Notes From the End of the World Read online

Page 7


  “This sucks,” Nick whispers, like it matters if the Shambler hears him.

  We freeze, watching the spastic movements of the boy as he slams the doors with his open hands. He presses his face to the glass, squashing his nose and mouth, smearing blood and snot, and snaps his jaws open and closed as though he might devour us through the window.

  “Looks familiar,” Audrey says.

  “That because he looks like any of us,” Nick replies.

  The surfer-boy’s eyes holds nothing behind them, his expression totally blank. Audrey places her hand on the glass and he lunges at her, his mouth greedily working.

  She drums her fingers, tap, tap, tap, like she’s teasing a fish inside an aquarium. The boy rams his face against the window, desperate to take a bite of her hand, breaking off one of his perfect front teeth in the process.

  “Ew!” Nick and I cry in unison.

  “Don’t tease them. I ain’t proper to tease the dead,” comes a scolding voice from behind us. This time all three of us jump. A wizened old woman wearing a black beanie cap, a woolen plaid wrap and sporting a couple-days growth of stubble on her chin scowls at us for what seems like an eternity. Then she scuttles away, a heavy-looking reusable shopping bag hanging swinging from the end of each arm.

  “Stupid thing,” Audrey says. I’m not sure if she’s referring to the Shambler or the old woman.

  Nick sighs. Backing the shopping cart up, he turns and heads toward the next exit, only a few stores down. He looks troubled and I know what he’s thinking. It’s the same thing I’m thinking.

  That kid could’ve been any of us.

  Exiting the mall, we scan the parking lot for more infected. There’s nobody out there—dead or alive. We double back to the car and Audrey stands watch, holding the bat as Nick and I load our skimpy loot.

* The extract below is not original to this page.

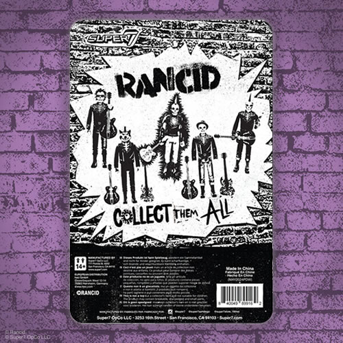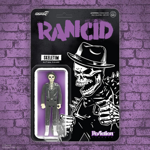 • The latest articulated, 3.75” scale Rancid ReAction Figure of Time Bomb Skeletim is inspired by the hit track from the band’s third studio album and features Skeletim in a black coat, white shoes, and black hat, includes a guitar accessory, and comes packaged on a blistered cardback.

  In silence, we drive back toward our end of town. Audrey, taking advantage of the lack of traffic and cops, keeps the needle hovering at seventy all the way home.

  Chapter 9

  November 10

  Cindy

  The world’s going to shit around us, but our little corner of the apocalypse seems almost immune. We go to school, we date (if we’re lucky), we play soccer. We’re learning to look around the corner of the house and notice how people move as they approach.

  Sure, things have changed and have become altered, but we’re quickly growing used to armed guards and talks of martial law and worse—we’ve grown accustomed to the curfews. In the matter of a couple of months, the N-Virus has become a part of every day life and so have the Shamblers.

  Sometimes when I watch the news or log onto the internet, I catch the headlines and feel sort of guilty. But everything has a way of balancing out.

  I’ve heard Audrey say, “Karma’s a bitch” more times than I can count. It’s her little method of excusing herself for not caring what happens to other people.

  Maybe she’s right for once.

  Sometimes I’m just waiting for our safe little existence to break apart.

  ***

  Some say memories are like ghosts. But maybe they’re like snakes, too. They lay low almost forgotten, and then they strike when you’re least expecting it. Tonight will be the latter. It’ll be a snake coiled in the back of my mind, waiting to sink its fangs in for the rest of my life.

  My phone buzzes and I’m surprised to see it’s Audrey.

  “Listen, need Mom or Dad to come and pick me up,” Audrey says before I can say anything. Her phone keeps going in and out and for a moment, she sounds like she’s calling from the bottom of a bucket.

  “Are you okay?” I ask.

  Dad and Mom are both looking at me. Parents have that exquisite sixth sense when it comes to their kids, I’ve discovered.

  “Just come. I’m fine.”

  The realization dawns on Dad’s face before Mom and I understand. She’s been in an accident, maybe. Bruises. Lacerations. Shit, a missing limb is better than what I know is coming.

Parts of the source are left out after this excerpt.